Your assignment: With images removed, transcribe each record exactly as it appears.

Dataset entries
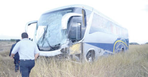La unidad de pasajeros derrapa y se sale de la carretera, afortunadamente nadie resulta herido en el tramo de la carretera Matamoros-Victoria
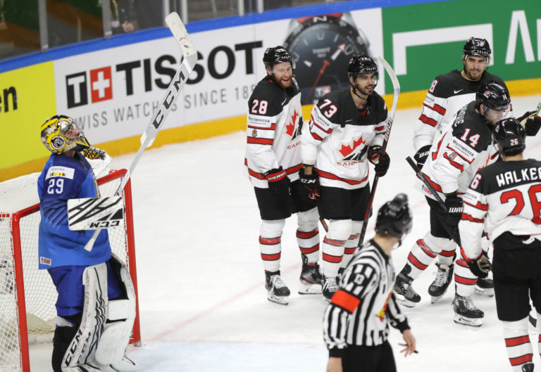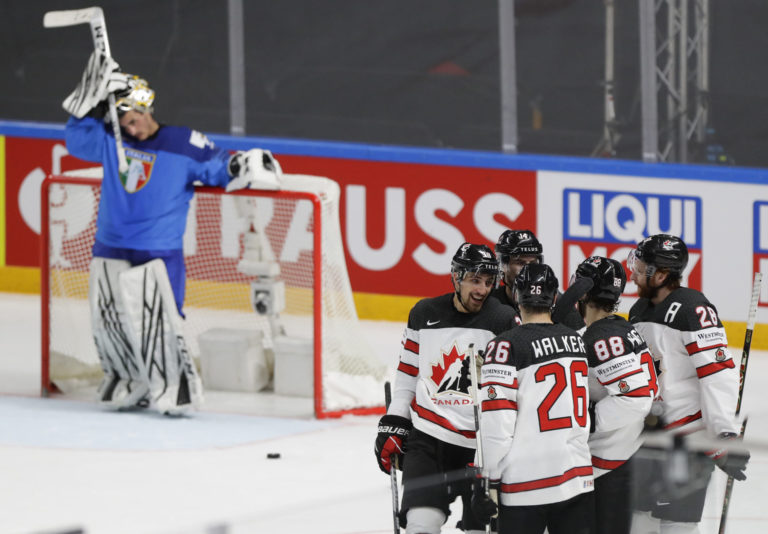 Taliansky brankár Davide Fadani (vľavo) reaguje na oslavu hráčov Kanady po tom, čo Kanaďan Brandon Pirri strelil siedmy gól počas zápasu medzi Talianskom a Kanadou na MS v hokeji 2021. Riga, 30. máj 2021. Foto: SITA/AP
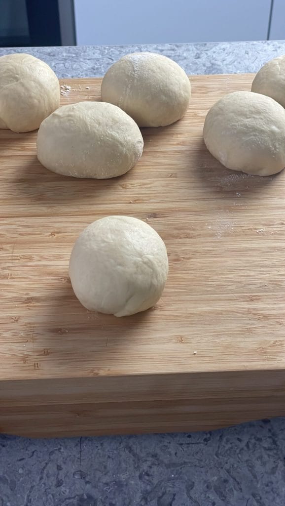 With a dough scraper, cut portions of about 80g (approximately 2.8 oz), you should get around eight.
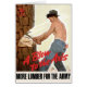 Vinatge Världskrig II homefront lumber production poster "A Blow to the Axis ~ More Lumber for the Army" av Harold Von Schmidt, 1943.
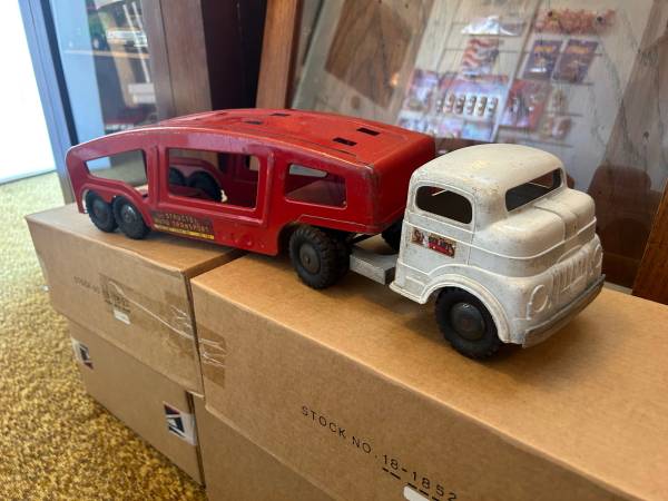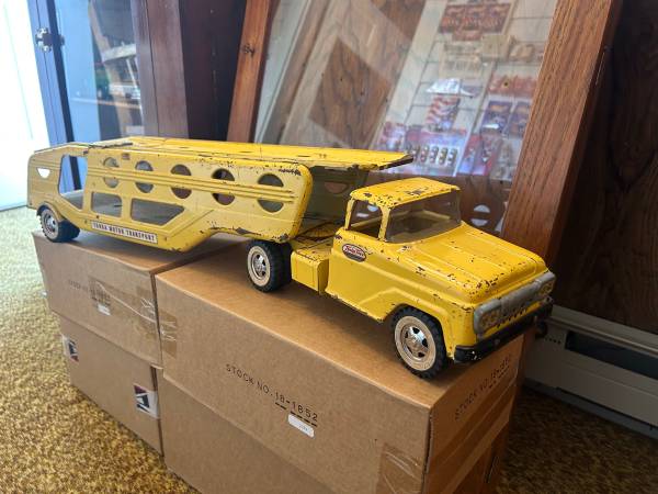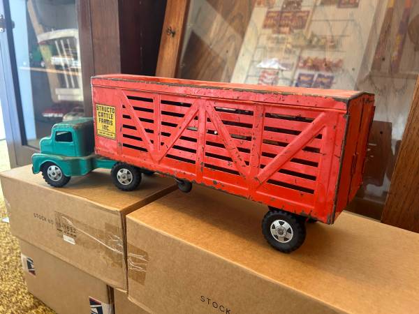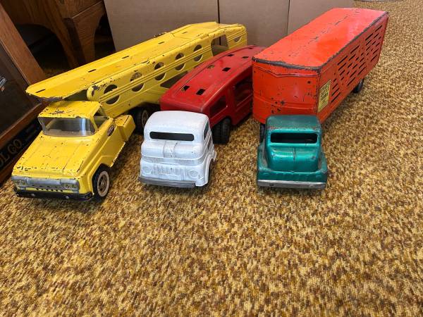 For sale: two 1950’s Structo semi’s one is an auto transport and the other is a cattle farms truck, also one 1961 Tonka auto transport. All been played with but very good condition for age. Need $75 each or all for $175. Also have many more old 50’s -60’s Tonka, Structo, Nylint, and Buddy L trucks that I would sell, need to get rid of a few, running out of room. Please call or text only at show contact info
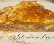 Torta salata di sfoglia con patate, prosciutto cotto e mozzarella
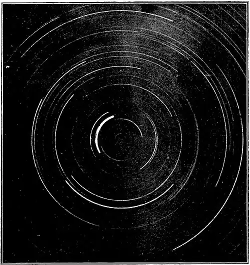 Fig. 2.—The paths of circumpolar stars, shewing their movement during seven hours. From a photograph by Mr. H. Pain. The thickest line is the path of the pole star.
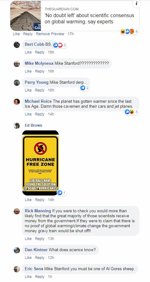 consensus: Climate is warming from man-made change. I think I'll go with the 12,000 academic papers https://www.theguardian.com/science/2019/jul/24/scientific-consensus-on-humans-causing-global-warming-passes-99 And NASA https://climate.nasa.gov/scientific-consensus/ After a study of 12,000 papers from here https://iopscience.iop.org/journal/1748-9326 “There was 99% scientific consensus in 2011 that humans are causing global warming.”
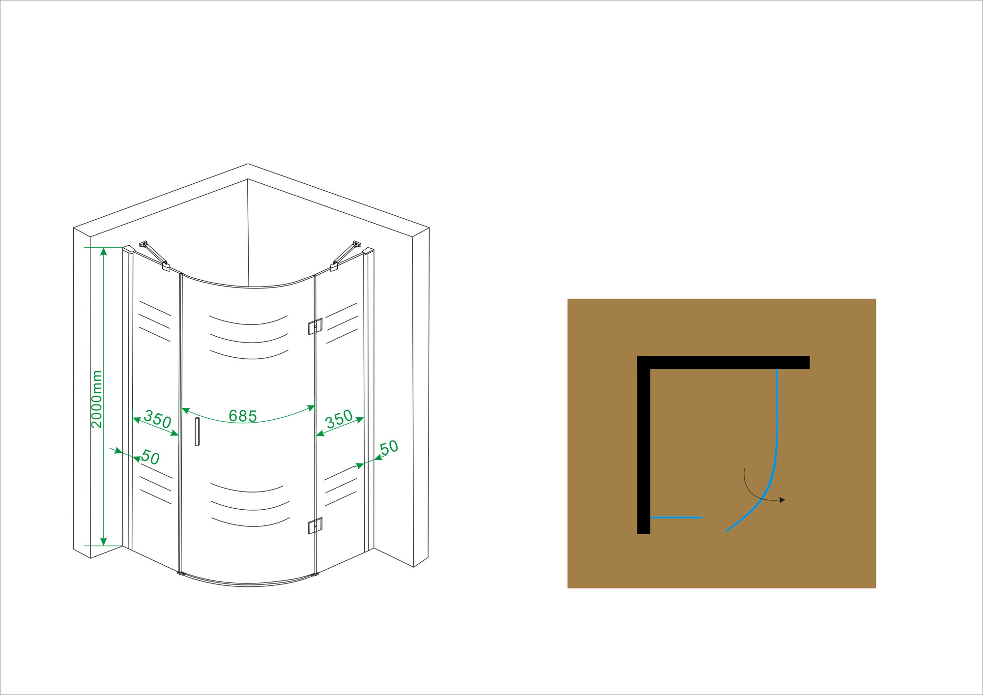 Rechts scharnierend en 200cm hoog inclusief 2 chroom wand profielen welke 20mm aan beide zijden verstelbaar zijn.

Response to the task:
La unidad de pasajeros derrapa y se sale de la carretera, afortunadamente nadie resulta herido en el tramo de la carretera Matamoros-Victoria
 Taliansky brankár Davide Fadani (vľavo) reaguje na oslavu hráčov Kanady po tom, čo Kanaďan Brandon Pirri strelil siedmy gól počas zápasu medzi Talianskom a Kanadou na MS v hokeji 2021. Riga, 30. máj 2021. Foto: SITA/AP
 With a dough scraper, cut portions of about 80g (approximately 2.8 oz), you should get around eight.
 Vinatge Världskrig II homefront lumber production poster "A Blow to the Axis ~ More Lumber for the Army" av Harold Von Schmidt, 1943.
 For sale: two 1950’s Structo semi’s one is an auto transport and the other is a cattle farms truck, also one 1961 Tonka auto transport. All been played with but very good condition for age. Need $75 each or all for $175. Also have many more old 50’s -60’s Tonka, Structo, Nylint, and Buddy L trucks that I would sell, need to get rid of a few, running out of room. Please call or text only at show contact info
 Torta salata di sfoglia con patate, prosciutto cotto e mozzarella
 Fig. 2.—The paths of circumpolar stars, shewing their movement during seven hours. From a photograph by Mr. H. Pain. The thickest line is the path of the pole star.
 consensus: Climate is warming from man-made change. I think I'll go with the 12,000 academic papers https://www.theguardian.com/science/2019/jul/24/scientific-consensus-on-humans-causing-global-warming-passes-99 And NASA https://climate.nasa.gov/scientific-consensus/ After a study of 12,000 papers from here https://iopscience.iop.org/journal/1748-9326 “There was 99% scientific consensus in 2011 that humans are causing global warming.”
 Rechts scharnierend en 200cm hoog inclusief 2 chroom wand profielen welke 20mm aan beide zijden verstelbaar zijn.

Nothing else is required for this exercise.